Photo credit: Henry P. Huerta  
  This billboard was too controversial for a Los Angeles car wash that pressured the billboard company to take it down shortly after it went up.  
 
Photo credit: Henry P. Huerta  
  AFL-CIO President John Sweeney with Los Angeles car wash workers.  
 

Looks like a billboard supporting workers’ rights is too controversial for the corporate hacks who seem to run Los Angeles.

The billboard, outside the Vermont Hand Wash in downtown L.A., carried this “radical” statement: “Wash Away Injustice!

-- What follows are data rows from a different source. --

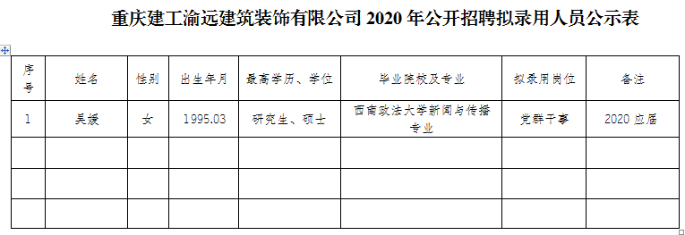 附件:bv伟德源自英国始于1946渝远建筑装饰有限公司2020年公开招聘拟聘人员公示表
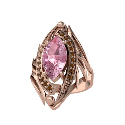 Pembe kuvars ve dumanlı kuvars 18 ayar rose altın yüzük
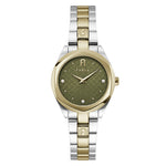 This elevated timepiece features an unusual face in deep olive green, textured with a tiny repeat pattern of the Furla Arch logo and set with three bezel-set, white crystal indices. The faceted, six-sided bezel of yellow gold plate over stainless steel adds an architectural edge to the round case, with vintage-style arrow hands. The substantial multilink bracelet features the Furla Arch logo inscribed on the center element of golden links.
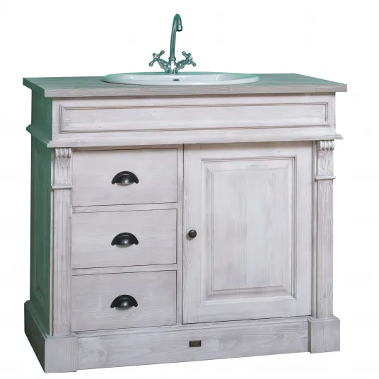 Dulap baie Szel-Mob ornamentat pentru un lavoar, cu 3 sertare si 1 usa - lavoarul este inclus in pret, culoare gri, 100% lemn masivDulap baie Szel-Mob ornamentat pentru un lavoar, cu 3 sertare si 1 usa - lavoarul este inclus in pret, culoare gri, 100% lemn masiv701900024701900024
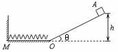15.(14分)小物块A的质量为m,物块与坡道间的动摩擦因数为μ,水平面光滑;坡道顶端距水平面高度为h,倾角为θ;物块从坡道进入水平滑道时,在底端O点处无机械能损失,重力加速度为g 。将轻弹簧的一端连接在水平滑道M处并固定墙上,另一自由端恰位于坡道的底端O点,如图所示。物块A从坡顶由静止滑下,求:
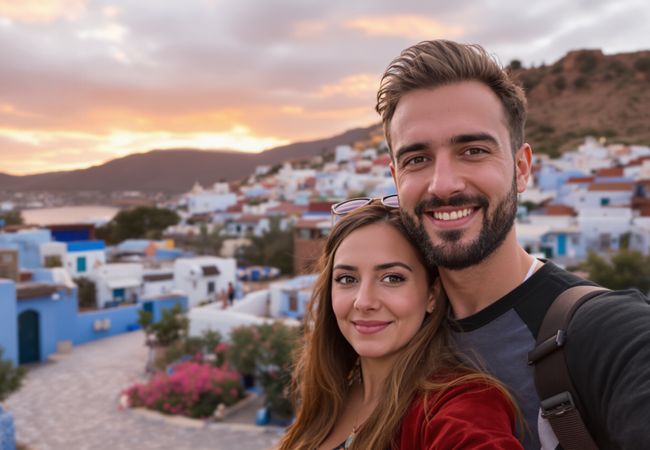 Wandering through Chefchaouen's blue-washed streets, savoring Moroccan flavors, and finding magic in every corner with my travel partner.
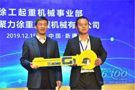 徐工起重機(jī)事業(yè)部總經(jīng)理助理、營銷公司總經(jīng)理王萬才將QAY650A金鑰匙交付至新疆萬新吊裝公司
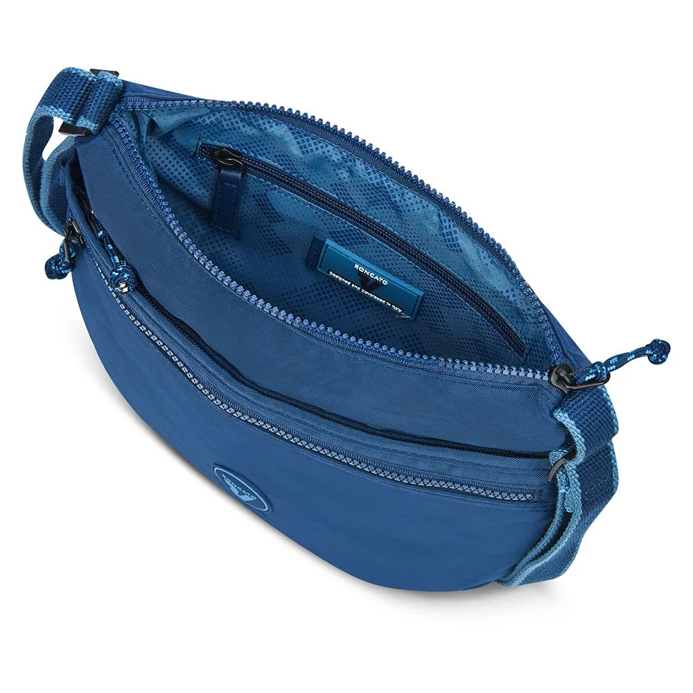 Den lille dame crossbody-taske fra ROLLING-kollektionen af RONCATO er perfekt til dem, der søger praktisk og sporty stil.
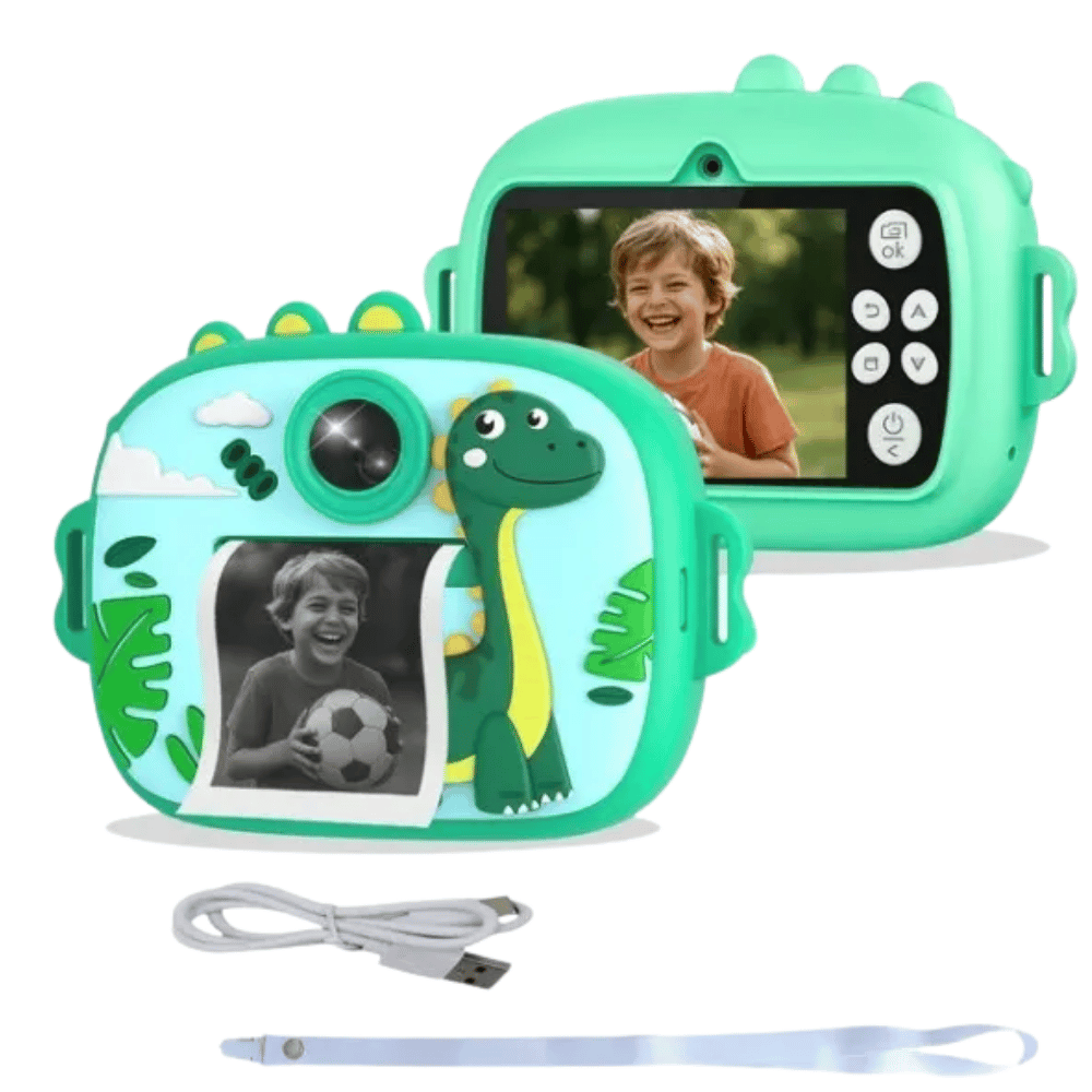 Cámara infantil diseñada para capturar y imprimir momentos de forma divertida e inmediata. Su sistema de impresión instantánea permite a los niños obtener sus fotos al instante, fomentando la creatividad y el entretenimiento en cada uso.
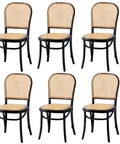 6PCS Dining Chairs Wooden Chairs Rattan Black
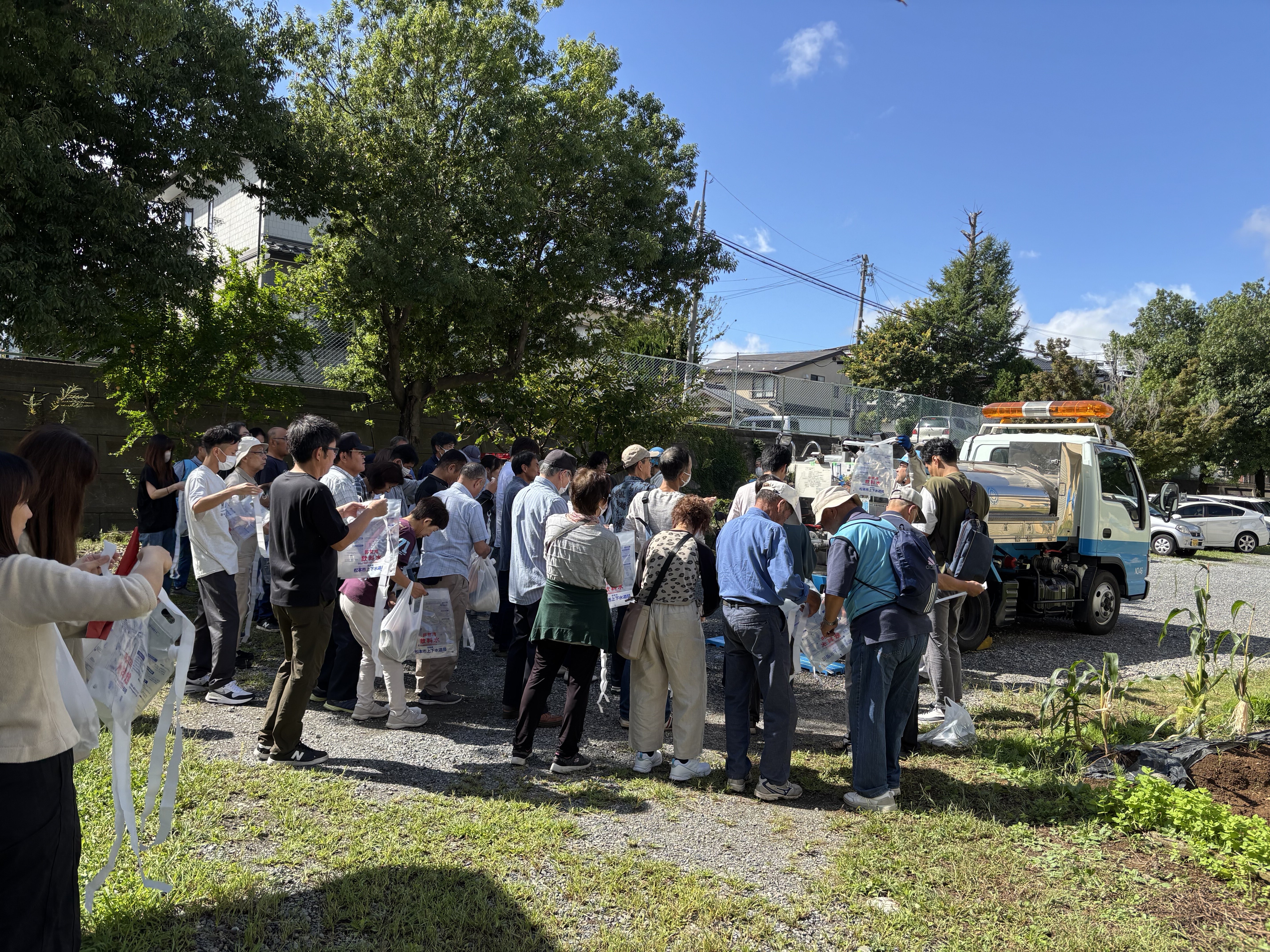 給水車からの給水体験や段ボールベッドの組立て、災害トイレの設置訓練を
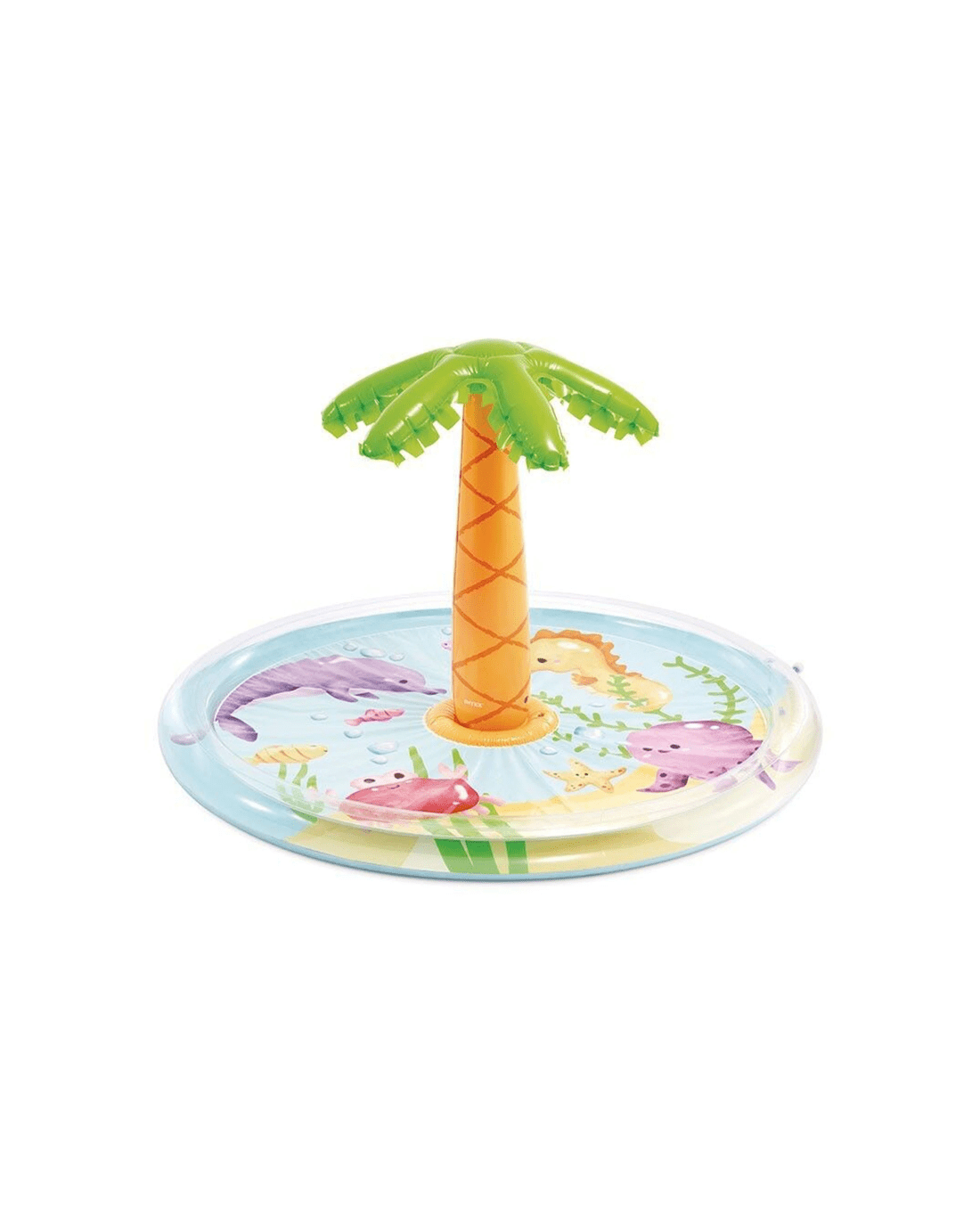 - Features: Light sprayer attaches to garden hose, vibrant sea creature liner, palm tree decorative feature
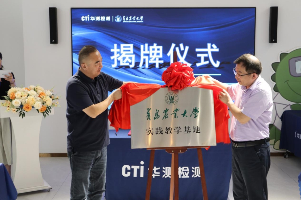 tyc234cc 太阳成集团党委副书记刘晓华和青岛华测行政总经理梁刚共同为实践教学基地挂牌。
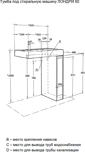 Тумба с раковиной Акватон Лондри 20 - арт. 1A267101LHDY0 / 1A275001LHDY0 / 1A72113KRW010.
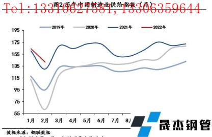 鋼鐵是終端制造業(yè)的重要生產(chǎn)原材料,以鋼鐵消費趨勢為觀測視角可以較為準確的判斷下游制造業(yè)發(fā)展狀況。2月鋼鐵業(yè)供給指數(shù)為146.92,同比下降5.26,環(huán)比下降2.86%。北方地區(qū)在采暖季和冬奧會環(huán)保影響下,厚壁無縫鋼管產(chǎn)量管控依然嚴格。據(jù)統(tǒng)計,2月全國粗鋼產(chǎn)量6738.5萬噸,日均產(chǎn)量240.66萬噸,環(huán)比減少9.79萬噸,降幅3.91%,同比下降13.86%。消費方面,五大品種厚壁無縫鋼管消費環(huán)比下降19.63%,同比下降4%。具體來看,房地產(chǎn)資金緊張雖有緩解,但受季節(jié)影響,用鋼量繼續(xù)下降,建筑厚壁無縫鋼管表觀消費量環(huán)比下降38%。制造業(yè)方面,受春節(jié)和疫情干擾因素影響,2月份,制造業(yè)企業(yè)復(fù)工復(fù)產(chǎn)較晚,實際用鋼消費下降,其中熱卷消費同比下降7.4%,環(huán)比下降8.2%。
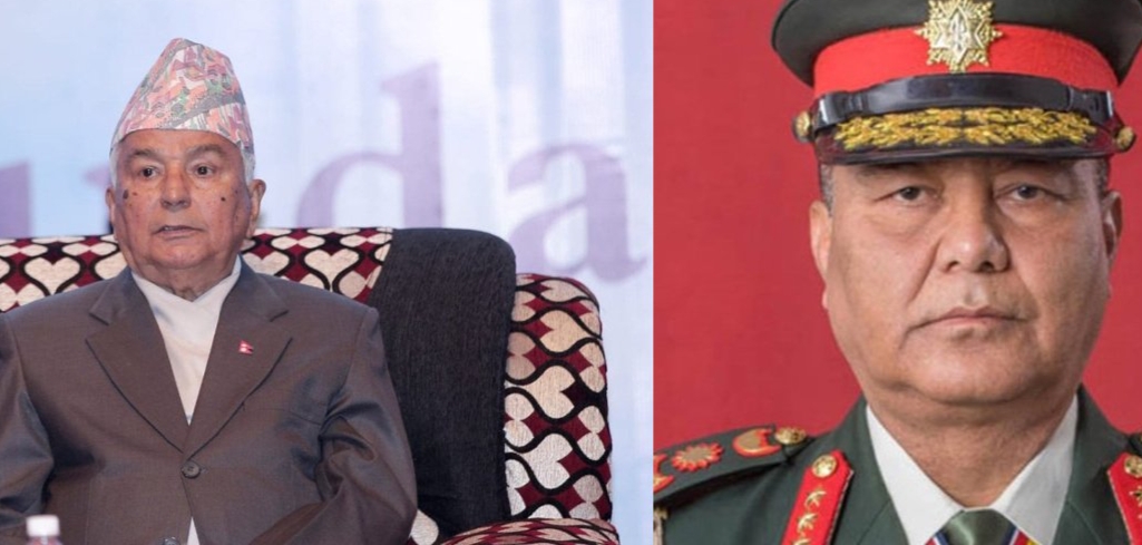 काठमाडौँ, २६ भदौ । राष्ट्रपति रामचन्द्र पौडेल र प्रधान सेनापति अशोकराज सिग्देलबिच बिहीबार साँझ भेटवार्ता भएको छ ।
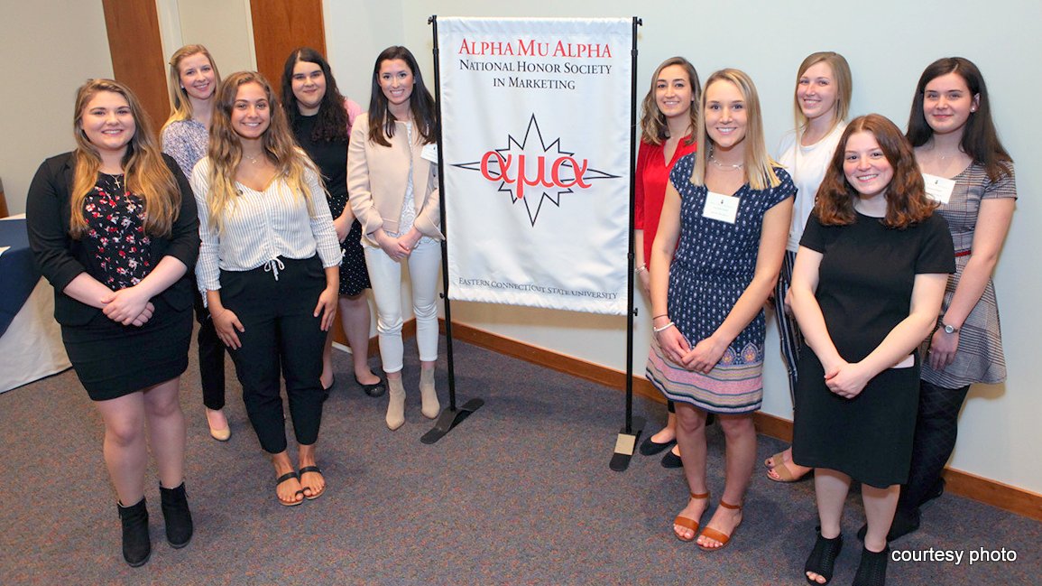 Eastern Connecticut State University's Business Administration Department held its annual Alpha Mu Alpha National Marketing Honor Society induction on April 23 in the Johnson Room of the J. Eugene Smith Library. Alpha Mu Alpha was established in 1981 by the American Marketing Association to acknowledge outstanding scholastic achievement in the field.
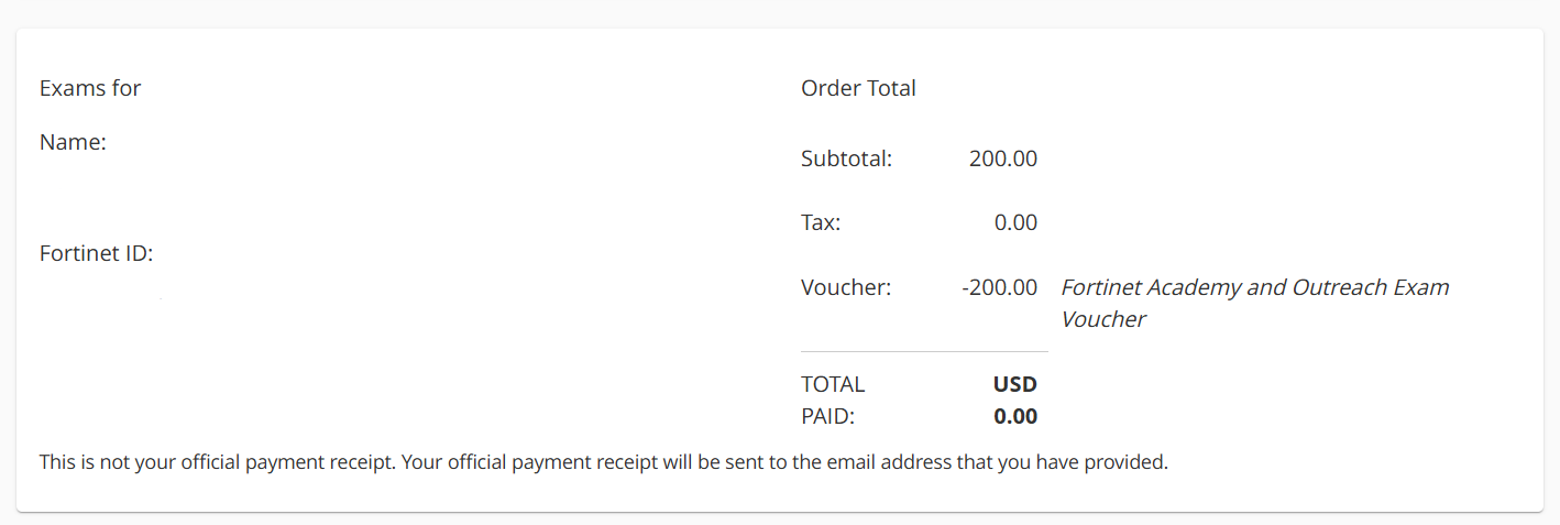 Fortinet voucher worked well, and exam booked successfully. Thanks!
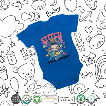 Labubu Stitch, Βρεφικό φορμάκι μωρού, Μπλε Κοβαλτίου, 100% Organic Cotton, κοντομάνικο
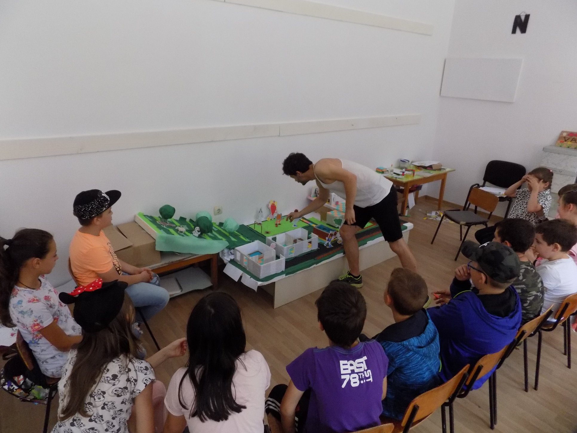 Aceștia și-au creat personaje, care fiecare are o poveste, un trecut, iar eu am creat un soi de „complex” care cuprinde o bucățică dintr-o școală (o sală de clasă, hol), zonă de agrement (teren de sport, bazin de înnot, zonă verde, deal cu copaci), și o mică zonă rezidențială, anume 2 case. În acest complex, povestea comună a personajelor este creată împreună, fiecare participând în mod direct cum poate și dorește. Dorim să vedem care este viața la școală și în afara ei, iar aceste povești sunt filmate pentru uz ulterior. Doamna Herța se ocupă mai mult de partea de discuție, ajutându-i pe copiii prezenți să-și spună părerea, să discute între ei, să ajungă la diferite decizii prin cooperare și consens și să aplice la nivel de personaje cele vorbite și decise.
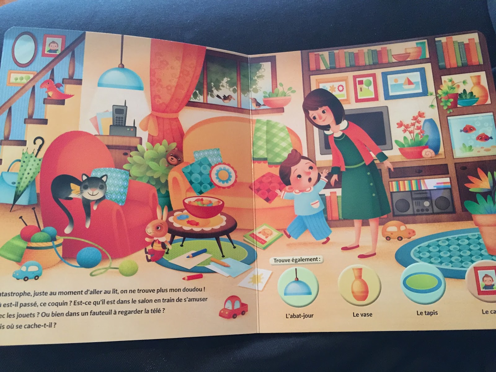 Pour celui-ci, l’histoire est celle d’un petit garçon qui à perdu son doudou (le titre est bien non ?) et qui le cherche donc à travers les pièces de sa maison.
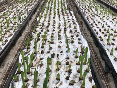 Tijdens ons bezoek hebben wij twee van de drie tuinen kunnen bekijken. De één iets moderner dan de ander, maar beide ontzettend groot en schoon. Bij een van de twee tuinen hebben zij een nieuwe machine die ze gebruiken voor het sorteren en inpakken van de bloemen. Deze machine hebben ze zelf samen met de leverancier speciaal ontworpen voor de Amaryllisteelt en dankzij deze machine is het werk een stuk lichter geworden.

Support Carwash Workers.” Before it was unveiled, the Vermont Hand Wash, one of the most notorious anti-worker car washes in the city, pressured CBS Billboard to pull it down before a rally took place in support of car wash workers who are fighting to join a union to improve conditions in the industry. Nevermind that the language and design of the billboard had been approved in advance.

As the workers took down the sign, car wash workers and their supporters chanted, “Shame on you!” and “Don’t take it down!” The rally, with hundreds of workers in the Los Angeles area joining AFL-CIO President John Sweeney, members of Congress and local union, clergy and community leaders for the unveiling, carried on below the symbolically blank billboard.

Henry Huerta, director of the Community-Labor-Environmental Action Network (CLEAN) campaign, said:

We came here today to unveil a billboard with a message to Angelinos to “Support Carwash Workers” in their struggle against exploitation by the owners of this carwash. Unfortunately, the company that owns this billboard caved to pressure from the Pirian family. They have violated our First Amendment Rights to Free Speech and are complicit in this employer’s violation of workers’ rights to Free Association. SHAME ON CBS BILLBOARD! AND SHAME ON THE PIRIAN FAMILY!

Earlier this year, the Los Angeles City Attorney filed criminal charges against Benny and Nisan Pirian, the owners, and Manuel Reyes, manager of the Vermont Hand Wash, with 220 counts of criminal misconduct altogether—including conspiracy, witness intimidation, grand theft, brandishing a deadly weapon, failure to pay wages and failure to comply with wage orders of the state’s Industrial Welfare Commission regulating workplace conditions.